Para André Covolan, anestesiologista do Hospital
São Marcelino Champagnat, a sensação de superação na escalada é a chave para
aliviar o peso da rotina. “Comecei há cerca de 10 anos, inicialmente pelo
contato com a natureza. Mas, com o passar do tempo, percebi que é um esporte
que me permite ter uma evolução tanto física quanto mental. Muitas vezes, ao
olhar para baixo, vejo até onde cheguei e sinto uma força renovada, uma
capacidade real de superar obstáculos”, explica o médico, que já participou
cinco vezes da prova El Cruce, nas montanhas da Patagônia,
na Argentina.

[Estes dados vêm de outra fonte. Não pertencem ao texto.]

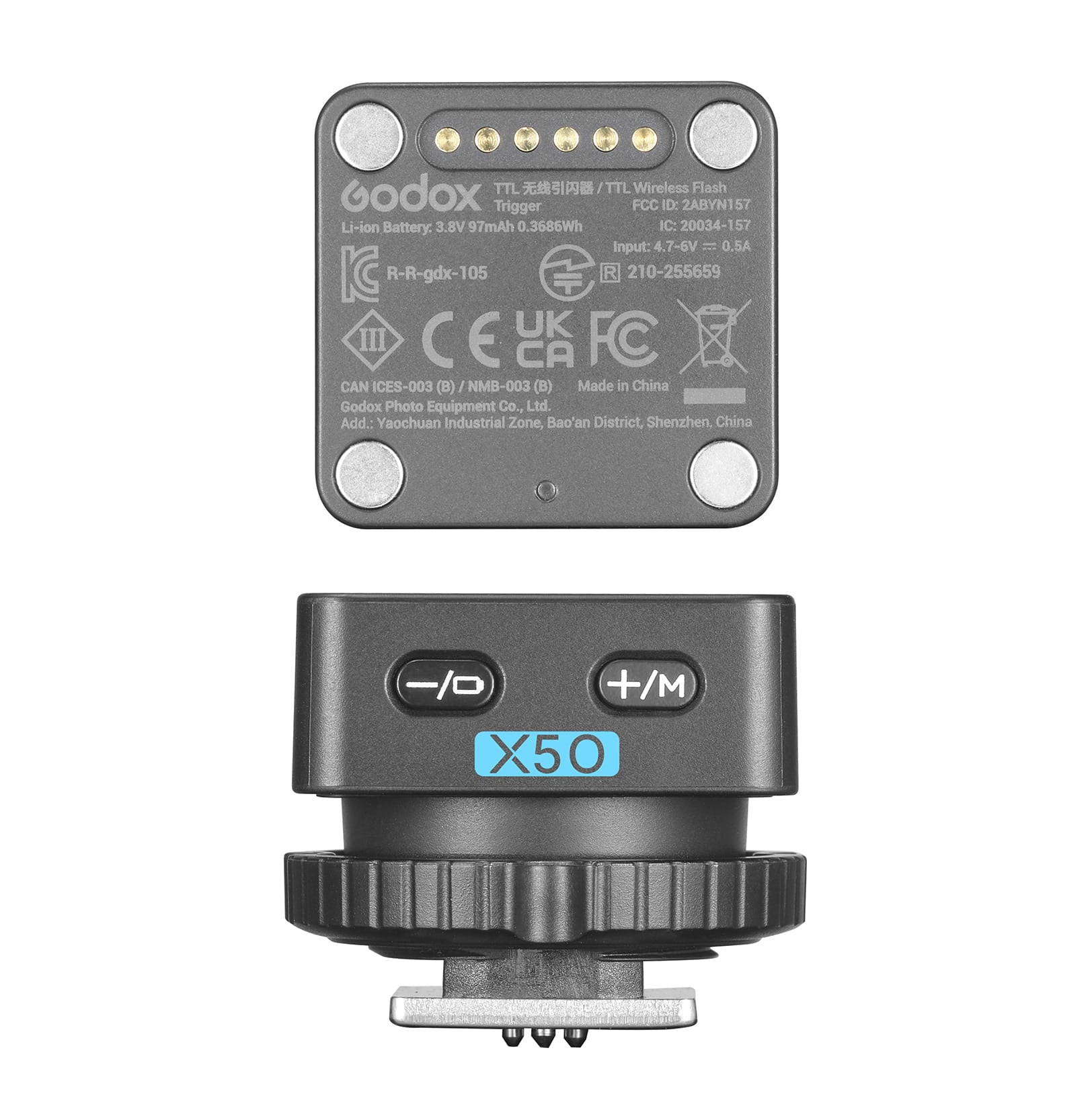 X5 は、iT32 のためのホットシューを兼ねた、TTL 対応ワイヤレストリガー(送信機)です。キヤノン、ニコン、ソニー、富士フイルム、OM/パナソニックの各メーカーTTL に対応しており、1 台の iT32 を複数メーカーのカメラで使用可能です。GODOX の 2.4GHz ワイヤレス「X」システムにより、iT32 および X5 は通常のクリップオンフラッシュとしてはもちろん、マスターユニットとして複数の X システム内の GODOX フラッシュを同時にコントロール可能にします。

Além disso, a escalada proporcionou momentos valiosos com a
família. “Ela superou minhas expectativas, especialmente quando comecei a
ensiná-la ao meu filho de cinco anos. Criar esse vínculo foi algo muito além do
que eu esperava do esporte”, comenta.
Medicina e esporte entrelaçados
A relação entre medicina e esporte vai muito além
do bem-estar físico. Para os médicos, a prática esportiva agrega aprendizados
fundamentais que se refletem no exercício da profissão. “Existe uma forte
ligação entre teoria e prática. É difícil ensinar alguém a fazer algo se você
mesmo não faz. Ao vivenciar o esporte diariamente, compreendo melhor a
realidade de um paciente atleta ou de quem deseja começar a treinar”, esclarece
Luiza. “Além disso,o esporte ensina lições valiosas que podem ser aplicadas no
consultório. O triatlo, por exemplo, mostra a importância de ter um objetivo
claro. Em subidas e descidas, seguimos o percurso. Na trajetória profissional,
é a mesma coisa: às vezes estamos bem, outras vezes não, mas o importante é não
perder o foco e dar sempre o nosso melhor”, enfatiza.
O anestesiologista André Covolan destaca que a
prática esportiva também aprimora a capacidade de lidar com situações críticas,
uma habilidade fundamental na medicina. “A escalada e outras modalidades vão
além da atividade física: são um treino constante que prepara não apenas o
atleta, mas também o profissional e o ser humano para enfrentar desafios
diários, especialmente no ambiente médico e cirúrgico. Além de fortalecer o
corpo, contribuindo em situações críticas, como paradas cardíacas, também
desenvolvem um preparo mental sólido, capacitando-nos para enfrentar
adversidades com resistência e clareza, qualidades indispensáveis no nosso
trabalho”, argumenta.
Qualidade de vida além do
consultório
A alta incidência de transtornos mentais entre
profissionais da saúde, intensificada após a pandemia, reforça a necessidade de
adotar hábitos que promovam mais qualidade de vida também para aqueles que são
responsáveis por salvá-las diariamente. “Se eu pudesse dar um conselho para
outros profissionais de saúde que estejam sobrecarregados, seria: pratiquem
esportes. Eles transformam o bem-estar, aumentam a disposição e fortalecem a
autoestima, refletindo diretamente na atuação profissional”, finaliza Nadira.